The data:
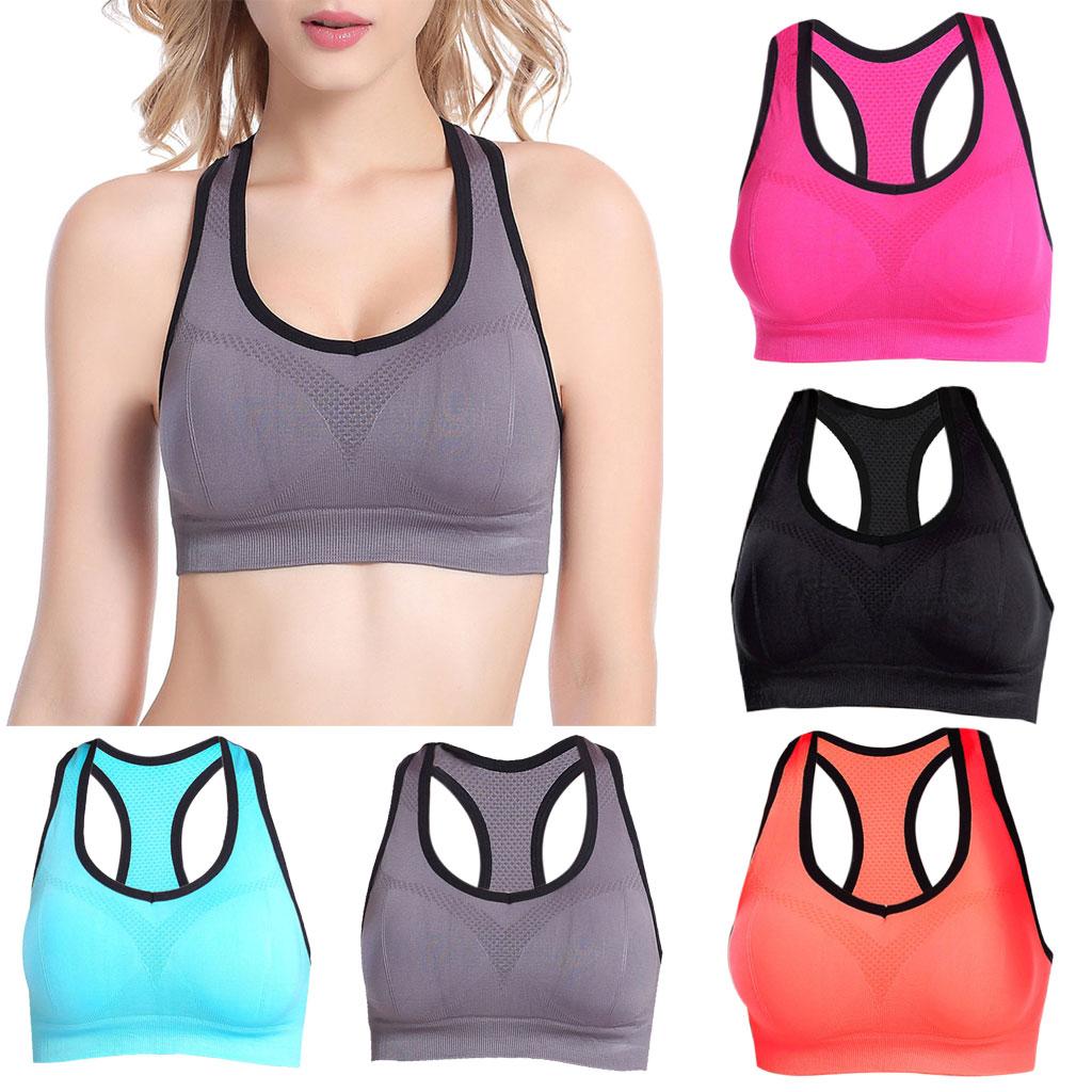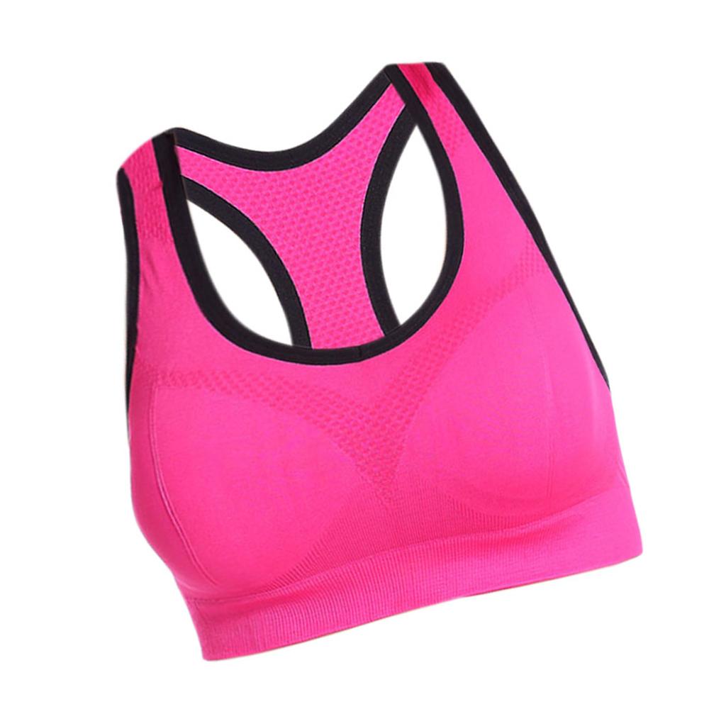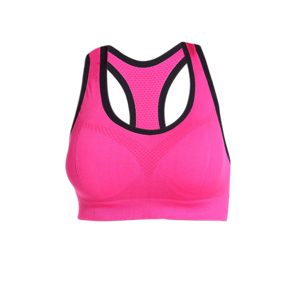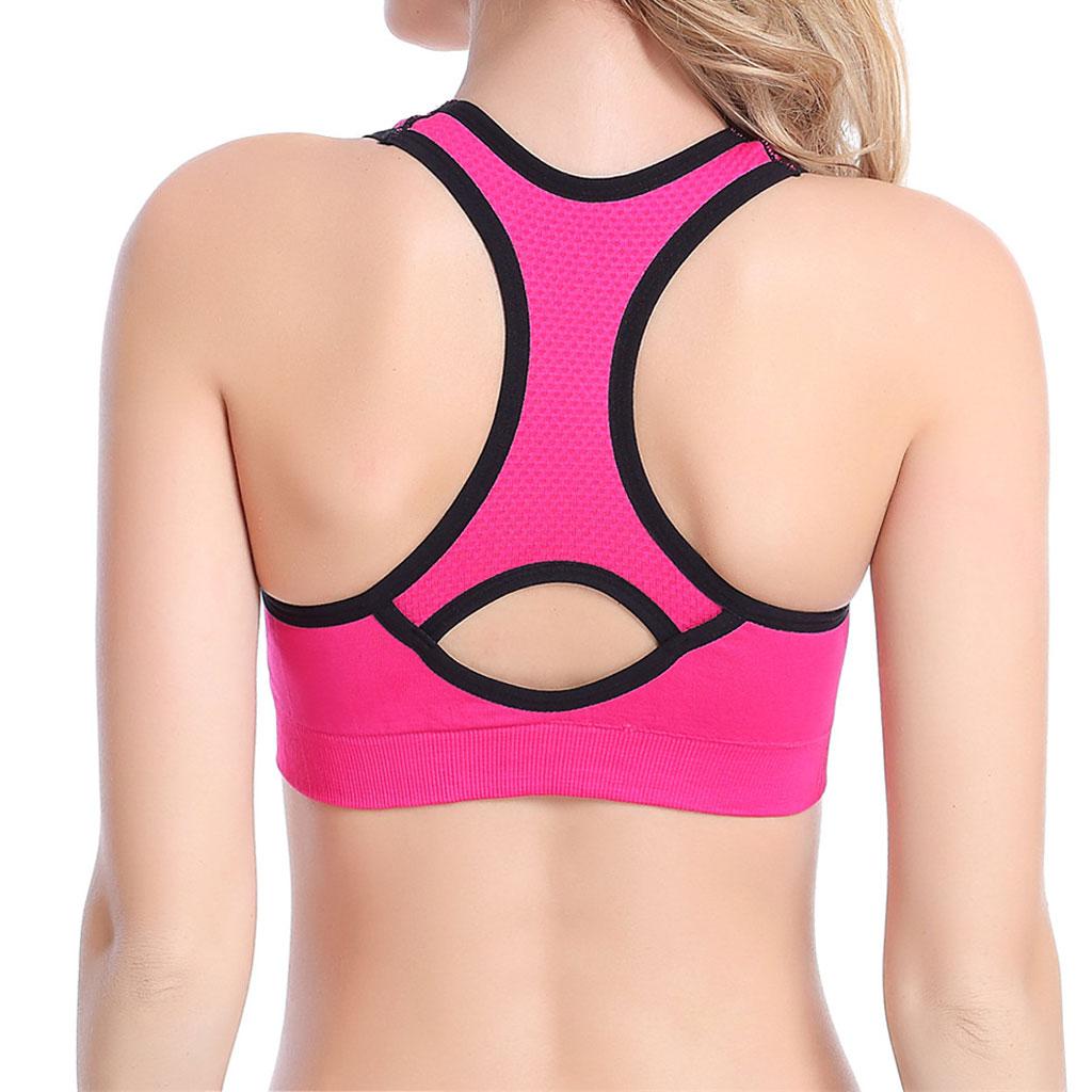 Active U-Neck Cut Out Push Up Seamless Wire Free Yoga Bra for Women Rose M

--

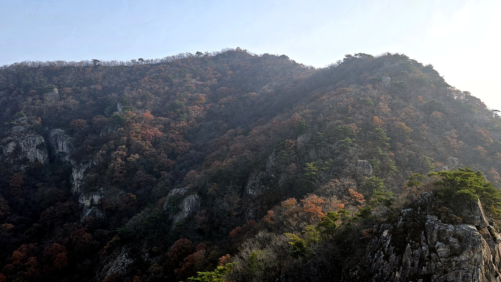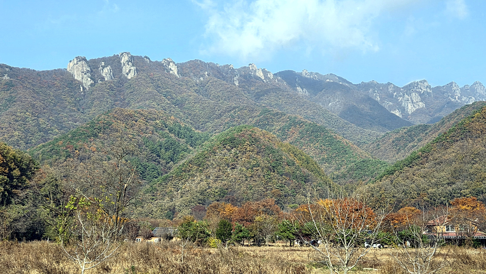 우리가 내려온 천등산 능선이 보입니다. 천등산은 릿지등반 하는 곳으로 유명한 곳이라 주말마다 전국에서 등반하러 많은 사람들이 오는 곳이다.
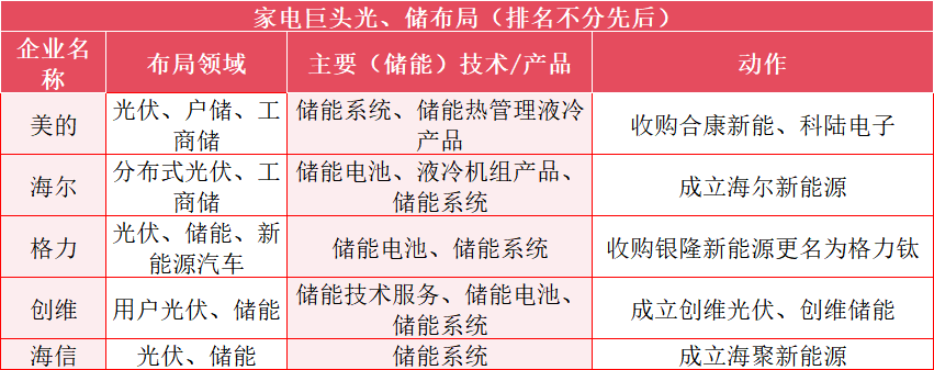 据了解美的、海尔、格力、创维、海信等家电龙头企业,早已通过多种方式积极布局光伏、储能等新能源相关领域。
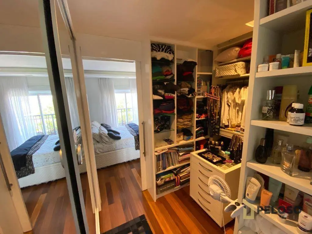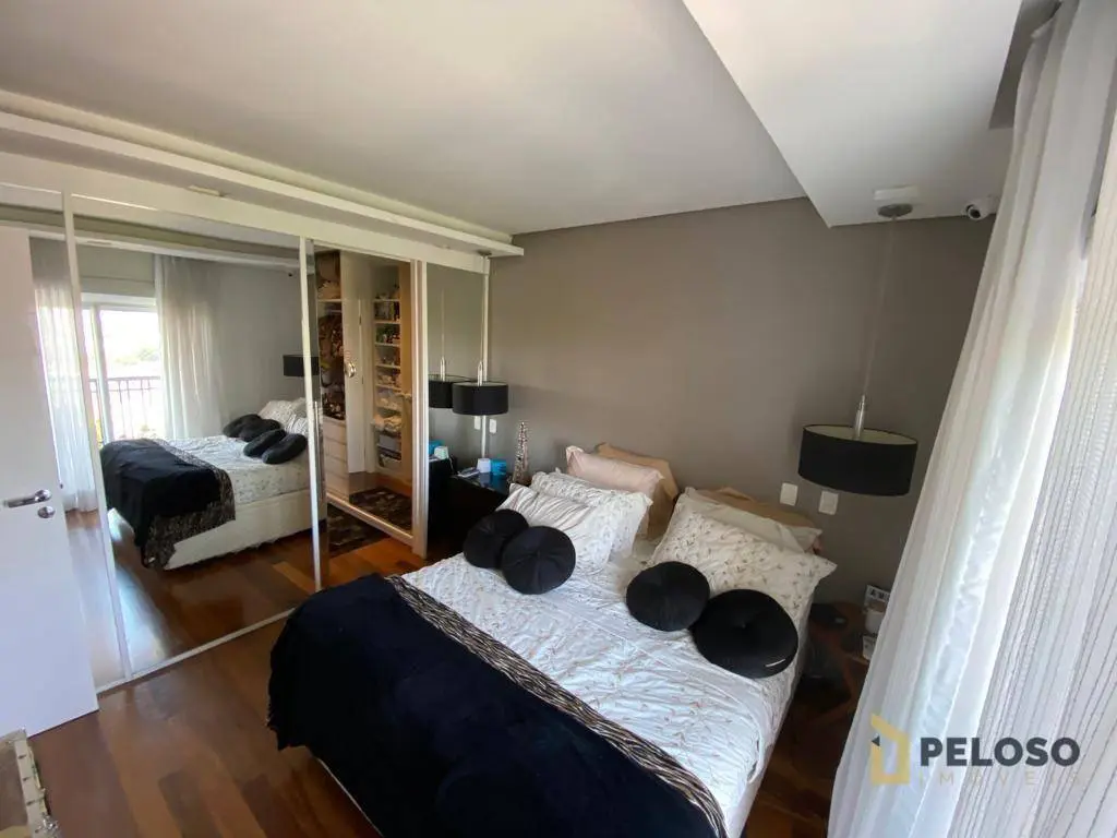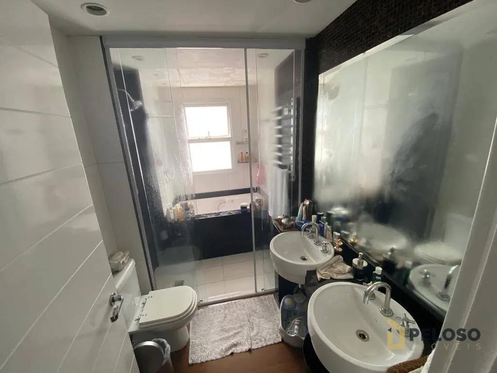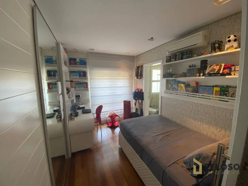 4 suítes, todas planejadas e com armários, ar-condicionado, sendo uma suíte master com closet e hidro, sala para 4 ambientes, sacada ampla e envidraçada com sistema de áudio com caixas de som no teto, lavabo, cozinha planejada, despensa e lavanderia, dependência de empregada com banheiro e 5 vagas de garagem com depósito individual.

==

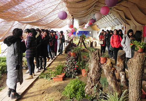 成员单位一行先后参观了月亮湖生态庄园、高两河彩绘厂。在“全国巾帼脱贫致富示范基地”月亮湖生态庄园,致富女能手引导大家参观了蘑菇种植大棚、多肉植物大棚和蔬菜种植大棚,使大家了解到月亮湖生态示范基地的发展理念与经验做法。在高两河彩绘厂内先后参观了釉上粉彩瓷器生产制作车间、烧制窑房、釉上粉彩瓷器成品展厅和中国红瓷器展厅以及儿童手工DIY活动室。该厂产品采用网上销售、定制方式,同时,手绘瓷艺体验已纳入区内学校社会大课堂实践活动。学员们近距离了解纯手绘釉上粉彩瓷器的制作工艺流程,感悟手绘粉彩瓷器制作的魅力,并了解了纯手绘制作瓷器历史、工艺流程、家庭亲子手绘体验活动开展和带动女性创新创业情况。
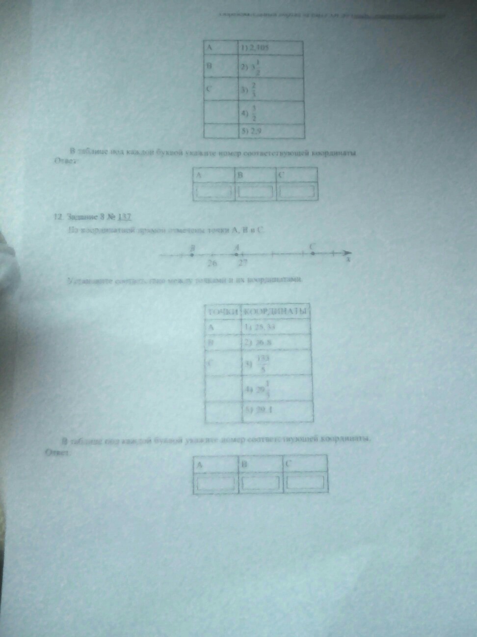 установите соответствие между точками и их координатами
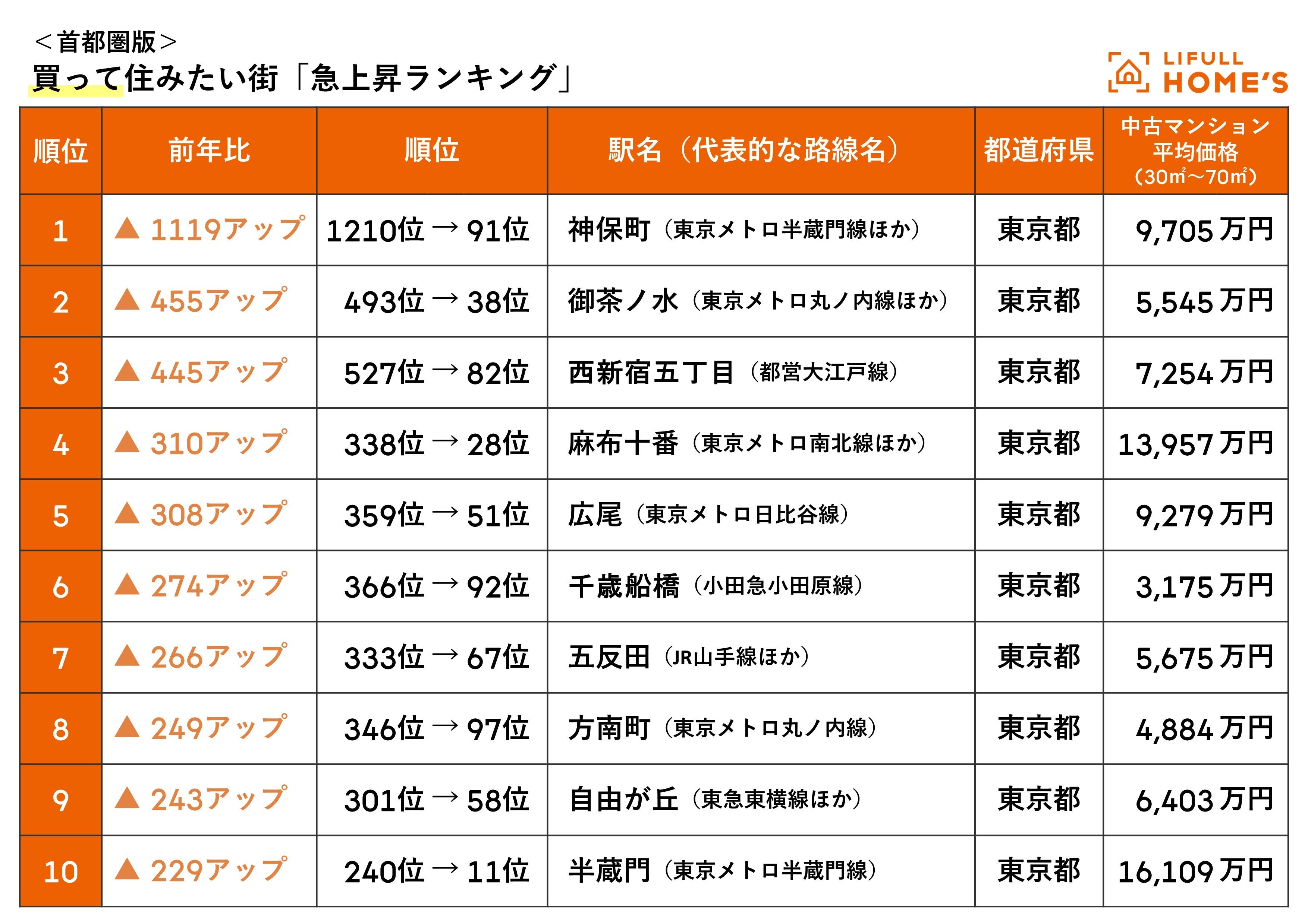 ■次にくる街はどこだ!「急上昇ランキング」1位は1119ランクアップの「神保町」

Aim of the exercise:
Exactly the lines above from the one that contains "우리가 내려온 천등산" down to the one that contains "据了解美的、海尔、格力、创维" are to be output, both ends kept and pictures omitted.

Solution to the problem:
 우리가 내려온 천등산 능선이 보입니다. 천등산은 릿지등반 하는 곳으로 유명한 곳이라 주말마다 전국에서 등반하러 많은 사람들이 오는 곳이다.
 据了解美的、海尔、格力、创维、海信等家电龙头企业,早已通过多种方式积极布局光伏、储能等新能源相关领域。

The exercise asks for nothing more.